Load Libraries

In this class, we will study the second basic geospatial data type - raster. Below are the packages that need to be installed and loaded.


library(sf)           
library(terra)          
library(tidyverse)  


Textbook link:https://bookdown.org/mcwimberly/gdswr-book/raster-geospatial-data---continuous.html

Recall: Geospatial data types


  • Vector: point, lines, polygons referenced by geospatial information
  • Raster: geospatial information by pixel or equal-spaced grids


Raster data type


Raster data type is useful to visualize and study characteristics such as

  • temperature
  • terrain
  • recipitation

and other weather or geographic conditions that continuously span the area.

Importing Raster Data


A raster object can be created by calling the rast() function and specifying an external image file as an argument.

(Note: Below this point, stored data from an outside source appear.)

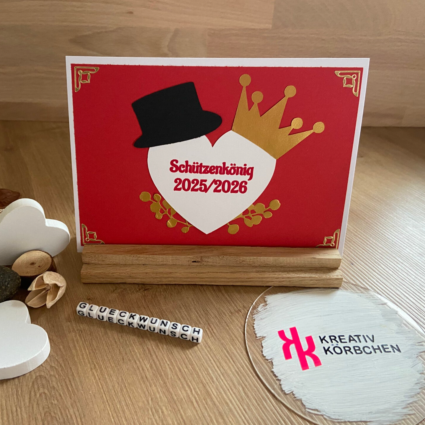 Wunderschöne Glückwunschkarte zum Schützenkönig oder ähnlichen Anlass. Auch als Geldgeschenkkarte geeignet.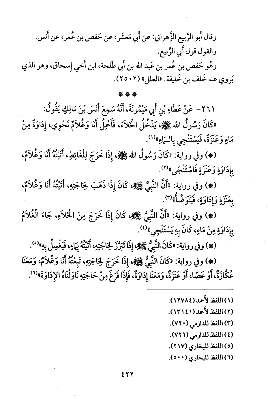 «كان رسول الله صَلى الله عَليه وسَلم يدخل الخلاء، فأحمل أنا وغلام نحوي، إداوة من ماء وعنزة، فيستنجي بالماء» (¬١).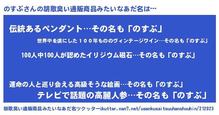 | ヘコむあだ名 | 『のすっ子』『豆乳』『のすぶ(笑)』 |

In this example, a dataset of land surface temperature (LST) measured by the MODIS sensor on board the Terra satellite is imported into R as a raster object.

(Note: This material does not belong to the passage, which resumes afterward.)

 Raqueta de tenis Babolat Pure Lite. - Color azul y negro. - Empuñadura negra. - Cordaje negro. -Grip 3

MODIS data, along with many other types of satellite remote sensing products, can be obtained from the United State Geological Survey’s Land Processes Distributed Active Archive Center (https://lpdaac.usgs.gov/).


lst <- rast("~/Documents/Fei Tian/Course_DAS522_Exploratory_Data_Analysis_and_Visualization_Spring2024/Datasets/Geospatial/gdswr_data/Chapter6/MOD11A2_2017-07-12.LST_Day_1km.tif")

SpatRaster class


The resulting object belongs to the SpatRaster class. Invoking the print() function for a raster object provides information about the dimensions of the grid, cell size, geographic location, and other details.

class(lst)
## [1] "SpatRaster"
## attr(,"package")
## [1] "terra"
lst
## class       : SpatRaster 
## dimensions  : 1110, 3902, 1  (nrow, ncol, nlyr)
## resolution  : 0.009009009, 0.009009009  (x, y)
## extent      : -104.4326, -69.27943, 30, 40  (xmin, xmax, ymin, ymax)
## coord. ref. : lon/lat WGS 84 (EPSG:4326) 
## source      : MOD11A2_2017-07-12.LST_Day_1km.tif 
## name        : MOD11A2_2017-07-12.LST_Day_1km


  • resolution: the size of each pixel in x (latitude) and y (longitude).

  • extent: the range of this image

  • coord.ref.: the coordinate reference system, which is used to locate the actual location on earth from the coordinates

Raster values


In each layer of raster data, there stores a value correspoding to a characteristic of each pixel. In this example, the value is a measured temperature.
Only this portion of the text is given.